To fill in my profile tags, a thread:
#TrakEM2 is open source software mostly for #connectomics (but found uses well beyond), and provides the means for both manual and automatic montaging and aligning overlapping 2D image tiles (with #SIFT features and rigid or elastic transformation models), and then reconstructing with mostly manual means–by painting with a digital brush–the volumes of structures of interest, as well as trace the branched arbors of e.g., neurons and annotate their synapses, therefore mapping a #connectome from #vEM (volume electron microscopy).

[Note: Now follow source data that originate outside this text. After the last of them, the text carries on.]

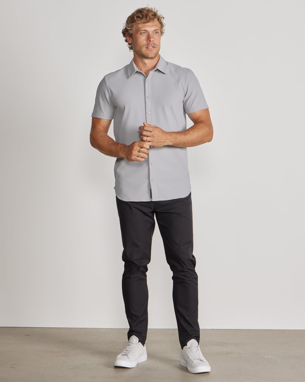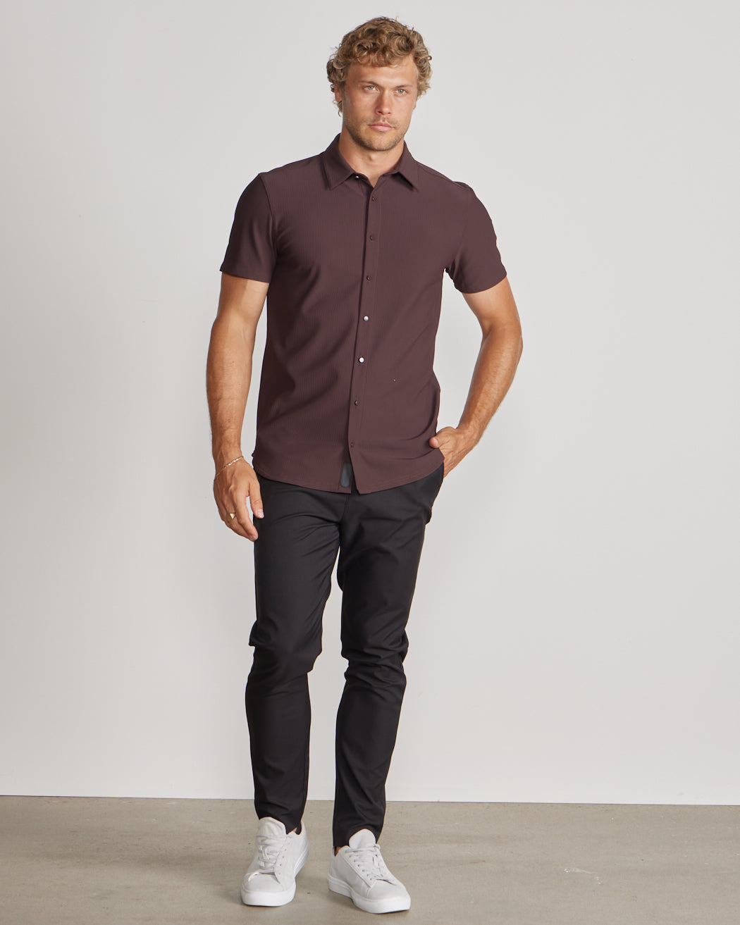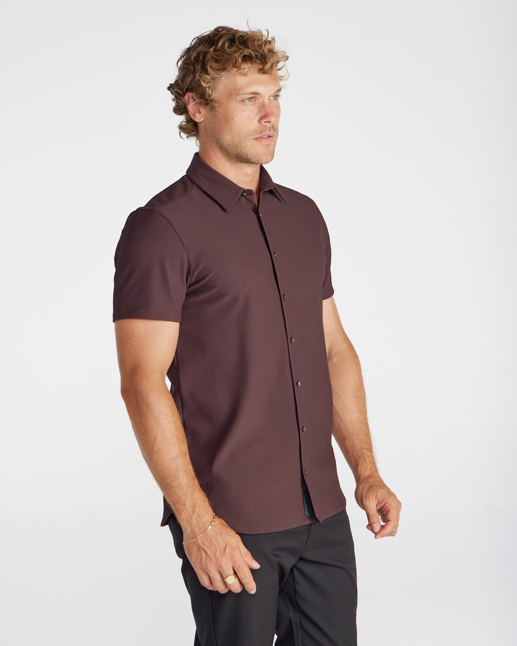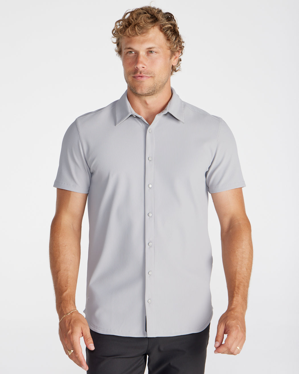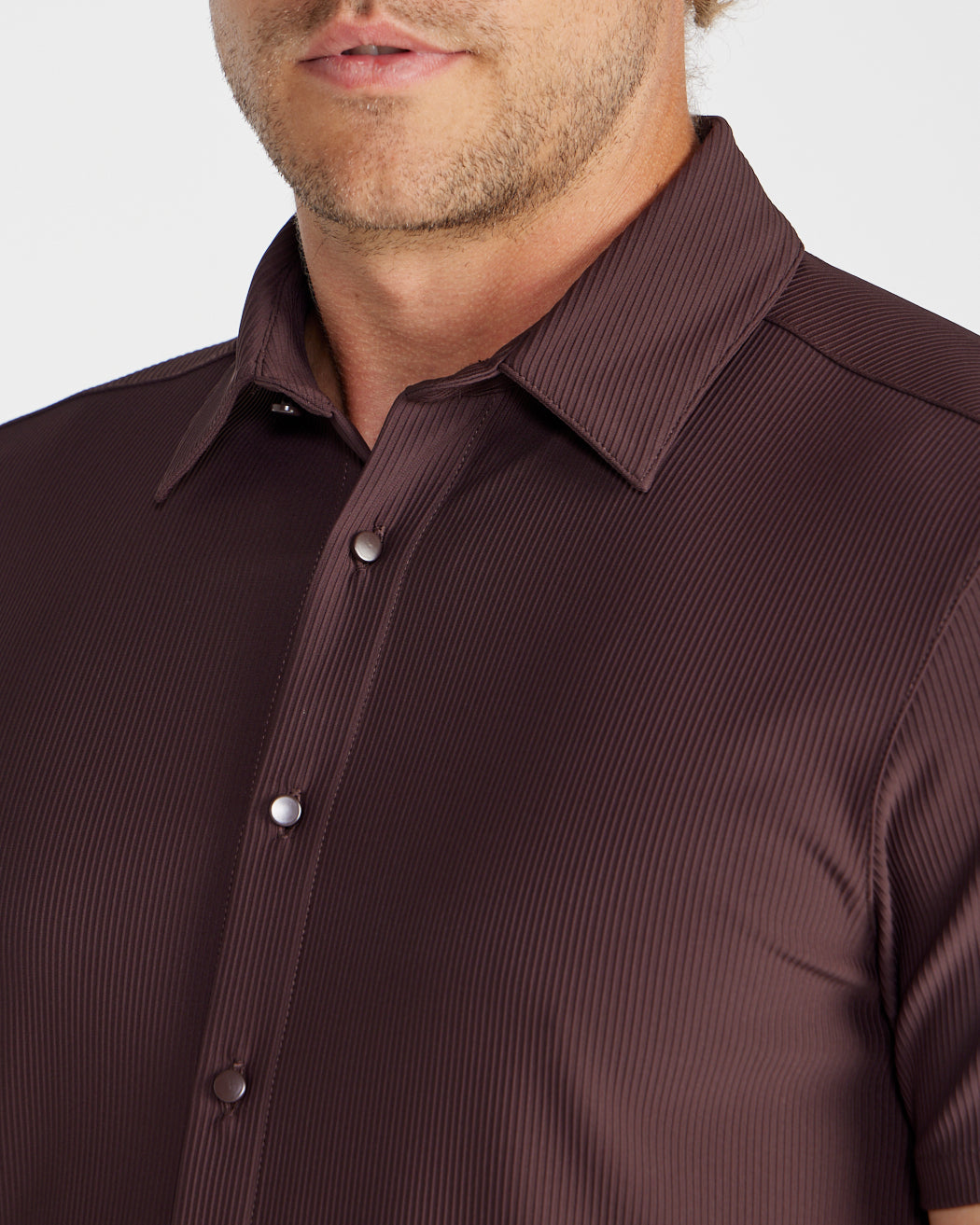 Premium appearance, all-day comfort, and elevated style. The Ribbed+ Short Sleeve Button Down is the perfect transitional top to take you from work to social hour. Our new poly fabric blend gives the garment a sleek, cool-hand feel, while the Ribbed+ construction adds the premium texture and upscale aesthetic you’re looking for in your daily button down.
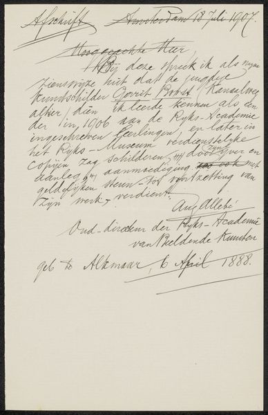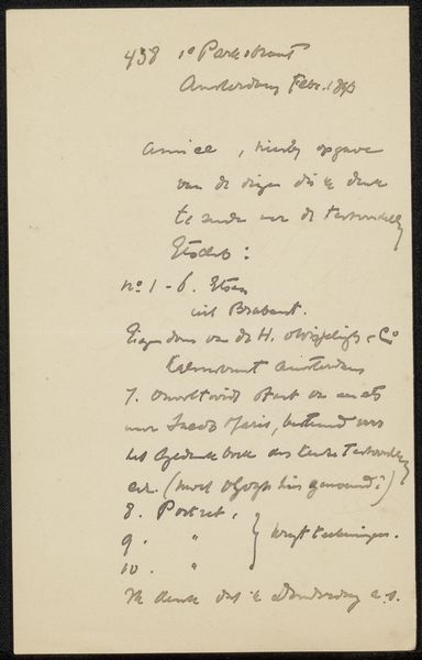 This note, "Brief aan Philip Zicken," was written on May 3, 1905, by Pieter Dupont, probably with a steel nib pen and iron gall ink, right on the paper, and the ink biting the paper as he worked. The list describes costs of things – maybe for an art project or a business transaction, the script is clear, looping, and confident, though, with a consistent pressure in the hand, like a dancer who’s done these steps a thousand times. Looking at the words grouped together it almost creates a visual poem that exists as a landscape or a visual score. It's fascinating how the mundane act of writing transforms into art through time and distance. Think of Cy Twombly, another artist who used handwriting as a gesture. Both artists remind us that art is not just about the finished product, but the thinking, doing and seeing that goes into it. It’s about embracing the ambiguity and multiple interpretations that make art so compelling.
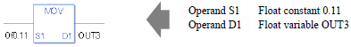 The MOV and MOVP instructions always pass power. When using the MOV and MOVP instructions, if the variables specified in operands S1 and D1 are not the same type, an error will occur. Designate the same variable type in all operands S1 and D1.
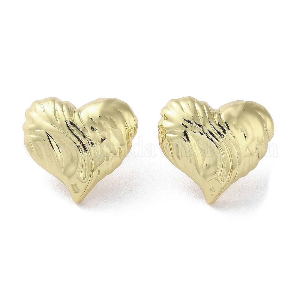 Серьги-пусеты из латуни с текстурированным сердечком и покрытием стойки, без свинца и без кадмия
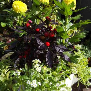 出掛けた帰り大雨でしたが、気になってたできたばかりのお花屋さんに寄ってしまいました。 鑑賞用トウガラシ パープルフラッシュに一目惚れ❣️欲しかった黄色いハイビスカスさんも一緒に(*^^*) パープルフラッシュさん、皆さんのpicを見てみたら紫の丸い実が付くようです。 どちらもこれからが楽しみです(ㅅ´ ˘ `)♡

#TrakEM2 paper at https://journals.plos.org/plosone/article?id=10.1371/journal.pone.0038011
Git repository at https://github.com/trakem2/
For 3D visualization, #TrakEM2 uses the 3D Viewer https://imagej.net/plugins/3d-viewer/
As software, #TrakEM2 runs as a plugin of #FijiSc https://fiji.sc/ and in fact motivated the creation of the #FijiSc software in the first place, to manage its many dependencies and therefore facilitate distribution to the broader #neuroscience community.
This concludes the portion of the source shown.